On our arrival at Falmouth, our dark coloured beauties and their peculiar attire were special objects of attention. They themselves were no less struck with wonder at what they saw. Every thing was strange to their eyes – even the rig of the females here. As they could not go out in their native habiliments with[out] drawing rather unpleasant notice upon themselves, they procured a dress more assimilating to those worn here – & among other articles they purchased and wore fine dashing bonnets with fine pink ribbons & lining – for the first time in their lives. The mani[pulation] of these concerns sadly puzzled them. They did not know what to do with them – how to untie or tie them. They were always either too far forward, or too far back, and appear[ed] to sit as awkwardly upon their crania, as a soldiers accoutrements on a Blue Jacket.

I understand they were to receive £60 each, besides having their passage money paid out & home. This is a very handsome sum and will make them be looked upon a great catches to other bachelors of their native place, when they return. Neither of them could speak a word of English, after three months stay with us – a proof either of mental incapacity or the most stupid indolence.

These two conclude the list of our passengers from Vera Cruz to England.

Senor Las Casas

From Havanna to Falmouth we brought one gentleman, an old Spaniard, a native of Bilboa in old Spain. His name was Senor Las Casas. He was a young man very much pock-marked. He possessed two Tiendas or shops in Habana, and was there flourishing like a green tree. His object in returning to Europe, was to make large purchases, for the Habana market at our large manufacturing towns in England, and that done to visit his parents at Bilboa, previous to his return to the place [from] where he had come.

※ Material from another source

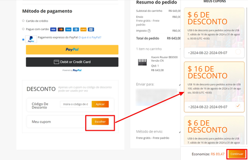 Tem que resgatar os cupons ''descrição'' para alcançar o valor final
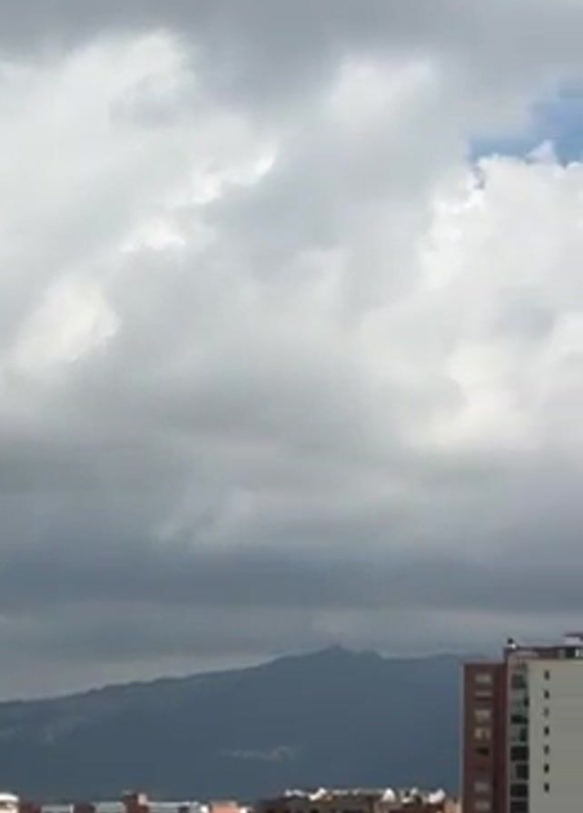 cloudy sky with white and dark grey clouds. At the bottom of the frame, there is a row of buildings and some trees. In the background, mountains are visible, partially obscured by the clouds. The clouds change from mostly dark grey to patches of blue sky with fluffy white clouds.

Senor Las Casas spoke no language but Spanish and consequently we could hold little or no intercourse with him. When our friend Meyer asked him why he did not try to learn English, he looked at him with an air of supreme contempt and slowly ejaculated “English” as if that were an object never once to be thought of. I wonder then how he would come in England from his total ignorance of the language. Lucky it was for him that Fritz was going the same way with him, as far as London, where he would meet with some of his countrymen. Otherwise as he confessed, he expected to be cheated on all hands and probably to find himself at John O’Groats house when he expected to be in the City. Las Casas and Meyer started together and safely arrived at their destination.


P.S. [6] I have forgotten to mention that we carried as passenger from Vera Cruz to Havanna a Senor del Pino, a native of Cadiz – on his way to his native country, after an absence of nearly two years. Also that some months after our return home, I saw an account of the capture of an armed Schooner, the Capt.n of which had stated that he left Havana in company with P. Office Packet – but that she, not liking his appearance, had returned to port. So he thought, but we knew better tho’.